One of the most important things our patient's teach us is that nothing is as important as our relationships. Our family, our friends, our community, and our colleagues all go together in a giant network of relationships that contribute to who we are as human beings and often set us on the journey that is life. At the very core of being a physician is the need to understand the relationships that have been formative for the patient and are essential to the patient's perception of life. All of the tests, medications, advice and medical technology cannot make up for a deficit in understanding the patient as a human being. Their relationships can alter the course of therapy and support or deny a healthy life style.

Early in my years in practice, I had the privilege of taking care of a patient that truly understood how important her family and her community were. Helen had several attentive daughters and granddaughters that not only took care of her but also treated her with respect and love. They saw in her the wisdom that comes with age and the caring that comes from forgiving. As difficult as her life had become (she had diabetes, heart disease and arthritis), she never faulted her care givers nor tried to turn her pain into pain for others. But one of her greatest gifts to those around her was her ability to love and forgive. I put those two words together because they very much depended on one another. A capacity to love can be restricted without a capacity to forgive no matter how great the transgression and no matter how great the pain inflicted.

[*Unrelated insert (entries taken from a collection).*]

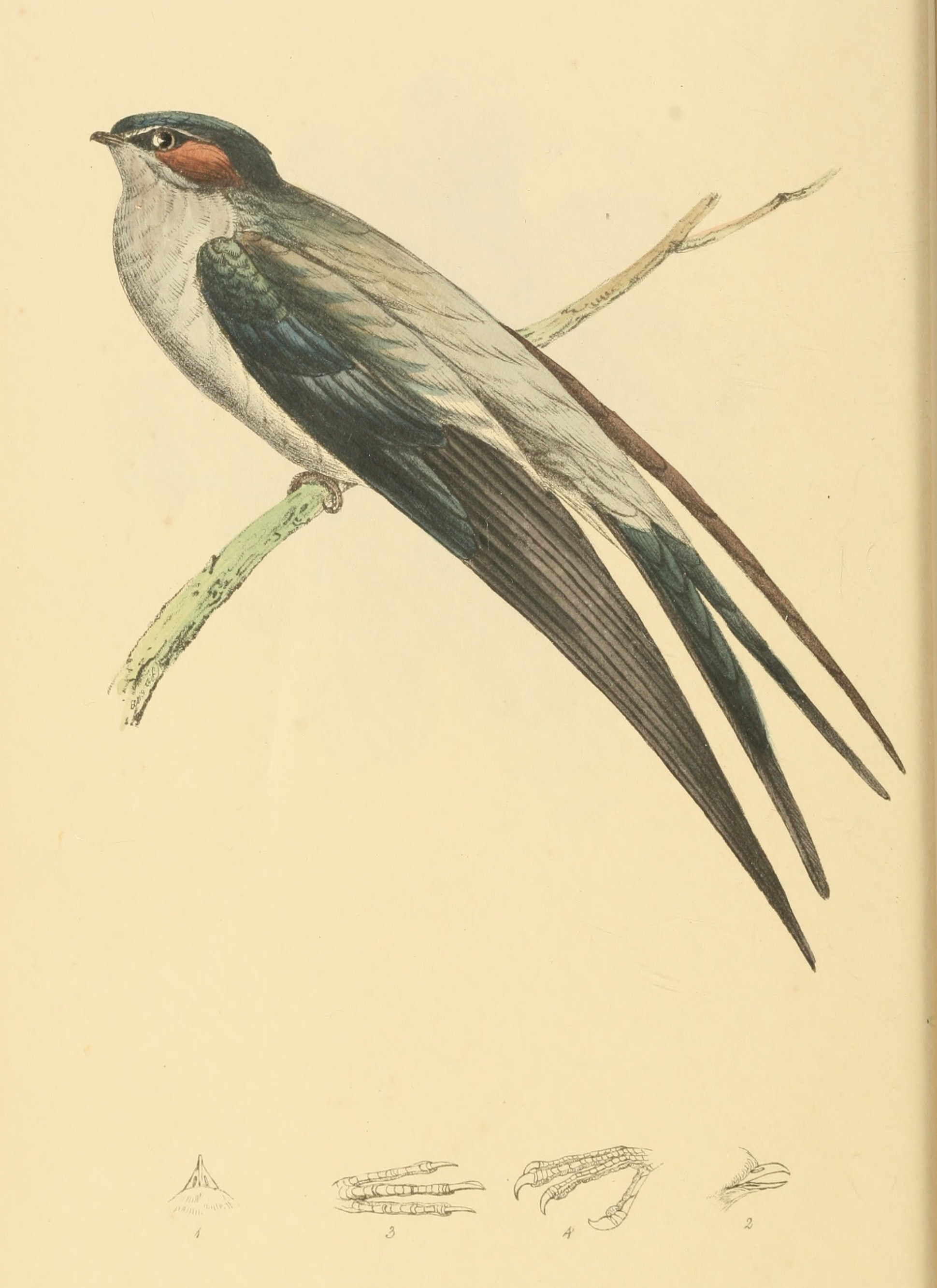 To Dr. Horsfield, one of the most successful and scientific investigators of Oriental Zoology, we are indebted for the first discovery, in Java, of this charming bird. Of its economy nothing is as yet known; but the uncommon length of its wings, indicate its possessing the utmost rapidity of flight. Another, and a much larger species, is among the Ornithological treasures discovered in the Eastern Archipelago by my estimable friend M. Lesson, and which he has already communicated to the public. A third is the Cypselus Comatus, of M. M. Temminck and Laugier.
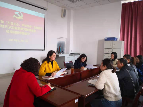 党委领导班子在广德楼六楼党员活动室举行“不忘初心、牢记使命”主题教育之领导班子对照党章党规找差距专题会议。会议由学院党委书记张婷婷主持。
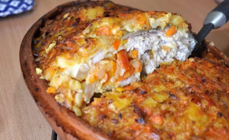 Mod de Preparare: Se pregatesc legumele pentru ghiveci si o oala/tava emailata sau de lut una de lut ar fi perfecta, mai ales daca e in forma de peste. Se pregateste ghiveciul de legume: se curata, se spala legumele, se taie bucatele si se calesc in ulei; se sareaza si se lasa sa fiarba, cu capac, pana cand se inmoaie. Se unge tava cu ulei si se aseaza un strat de ghiveci de legume. Deasupra se pune pestele intreg. Se umple si pestele cu cateva linguri de ghiveci si se acopera cu restul de ghiveci ramas. Se adauga ulei si se baga tava la cuptor, la foc potrivit, pentru cca. 2, 3 ore. Cand zarzavatul este bine inmuiat si pestele patruns, mancarea este gata.
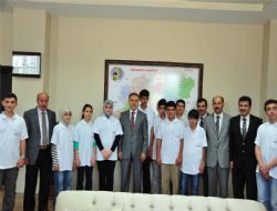 Öğrencilerle tek tek tanışan ve elde ettikleri sıralamayı öğrenen Vali Altıparmak hedeflerindeki meslek gruplarını da sorarak okul ve meslek seçimine ilişkin tavsiyelerde bulundu. Okul Müdürü Hüseyin Çelik ve eğitim kadrosunu da kutlayan Vali Altıparmak verimli ve planlı çalışmanın neticesinde başarının kendiliğinden geldiğine dikkat çekti. Makamında öğrencilerle uzun uzun sohbet eden, enstrümental çalıp çalamadıklarını ve İngilizce’yi ne kadar kullandıklarını soran Vali Altıparmak ziyaretin sonunda, içerisinde çeşitli hediyeler olan çanta ve altın hediye etti.
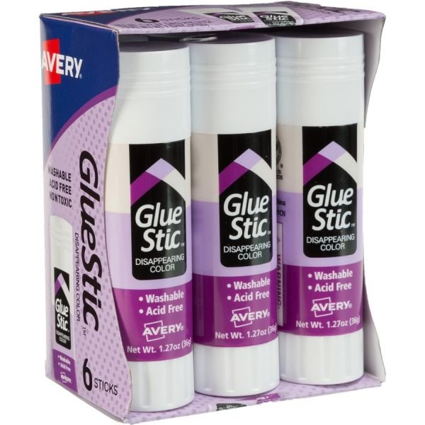 Avery Glue Stic Disappearing Purple Glue Sticks, 1.27 Oz., Pack Of 6

Many patients have helped me see the healing power of love but it was this dear lady that helped all of us see the role of forgiveness in creating a heart big enough to love unconditionally. When her granddaughters would come into the room, her face would light up and she would listen to them, share a story or two of her own and then listen to them some more. When they had to run to this activity or that appointment, she cherished the time she had with them rather than fault them for leaving 'too soon'. She accepted what was given and did not fret over what was not. With her own daughters, she thanked them for each kindness and understood the demands of their lives that might call them away from her own care. Because of that, her children and grandchildren always had someone present or nearby to meet her needs. Her love was returned tenfold because it was not expected or required

How simple it would be for all of us to adopt her outlook on life. Forgiving, loving and cherishing the relationships that sustain us would eliminate so much of the stress we bring into our lives. The hallmark of medicine could again be relationship centered care so embodied by that old family physician that made rounds in a horse and buggy. We could see the art of medicine again stand beside the science of medicine as equal partners. And we would again look at the patient and the physician as human beings trying to create a healthier place for all of us to live and work.

A friend of mine, Erie Chapman, has written a book called Radical Loving Care. As you travel through the pages of that book (and others he has written), you are drawn into a world of possibility for today's health care environment. So if you don't have a Helen as your patient, you might visit what Erie has to say. I think they are both trying to tell us something.